Thursday, 21 October 2010


Once when I was walking on the street coming home from work, it happened that I heard somebody who was speaking Gipsy (Romani, AKA Ghajary) language. It was fascinating. He didn't demonstrate his knowledge on Romani language, but he used it. It never happened to me like this in Hungary before, and I was impressed.

So I decided to look it up, what is to know about this language and I found that there are even efforts to standardize it. Moreover, a kind of reform arouse, which includes the tendency to replace loan-words with Hindi ones.

One of these neologisms caught my eyes.

Misal मिसाल, which means "example".

This was necessary because the majority of Romani dialects uses loan-words from the local language that surrounds it, as it can be clearly seen in case of primer (in Slavic areas), bajšpilo (German), and példa (Hungarian).

But as for the misal, it was so striking for me because I understood it immediately, as it is an Arabic word. So this praiseworthy endeavour, to unite Romani language using Hindi words, failed a little here, considering that even Hindi loaned this word. Hence, it blocked keeping things original, because this Hindi word itself is not more original than those to be replaced.

Arabic however generously presented its words to other languages. This word was also adopted by several other languages. Not to go too far, right here it is the Turkish misal, the not-really-surprising Urdu مثال (misal), which can be interpreted as a Persian word as well, and we can find its tracks in the Indonesian misalnya too. As for the Urdu and Persian words they even reserved the original spelling.
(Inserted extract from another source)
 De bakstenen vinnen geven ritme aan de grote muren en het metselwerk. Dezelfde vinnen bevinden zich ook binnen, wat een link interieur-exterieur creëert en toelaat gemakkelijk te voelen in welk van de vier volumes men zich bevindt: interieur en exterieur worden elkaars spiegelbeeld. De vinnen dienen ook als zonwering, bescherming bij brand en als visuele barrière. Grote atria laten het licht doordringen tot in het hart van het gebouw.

The original word مثال (mithál, with the th-sound, as in "both") derives from the Semitic root مثل mathala, which means: to be similar, to resemble. The languages above not only adopted its derivative meaning "example", but also several other forms like amsila, masal, misl, tamsil, those meaning reflects resemblance as well as the "example", "specimen", "model" all resembles to, similar to something.
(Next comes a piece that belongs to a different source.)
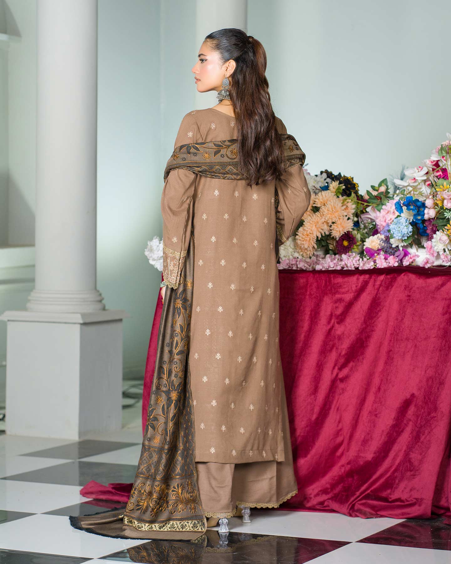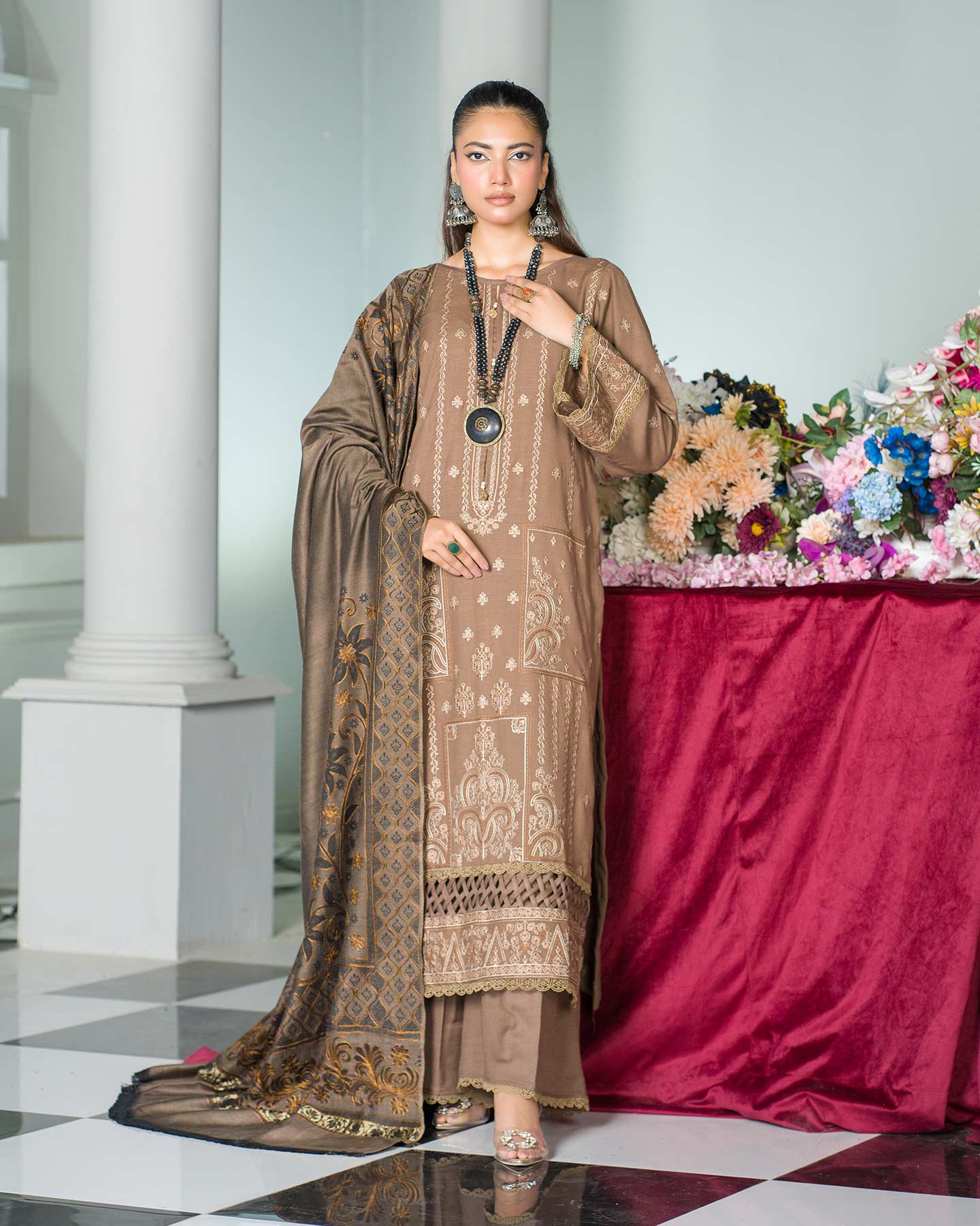 - FANCY ACRYLIC JACQUARD HANDMADE EMBROIDERED SHAWL

One of the very useful features of Arabic language is revealed here. This is the radical-system and the pattern driven word forming derives from it. The root letters were emphasized here in order to make easy to realize what kind of patterns are drawn in the specific words, while the order of the root letters never changes.

Moreover, this word is one of those not too rare Semitic words, which share not only similar meaning but also similar pronunciation. Likewise it is in Hebrew mashal (parable/to support with examples), and Amharic msale, msalet (example).

musafir, safari

Once an Arab has told me that Arabic and Romanian are of the same kind of languages. I couldn't hide my opposition. Seeing this, he immediately revealed his argument:

- It's because Romanian when asks how are you doing, what does it say? Ce faci? Right? And likewise the Arabic says: Chefach!

It was an excellent example of a hasty conclusion based on weak knowledge.

Indeed, Romanian says Ce faci, but it literally means: what are you doing? It wouldn't be hard to find the parallels of these words in any Romance languages. Even if he mentions the Slovak čo (a word for "what"), could come closer to the truth than thinking of Arabic.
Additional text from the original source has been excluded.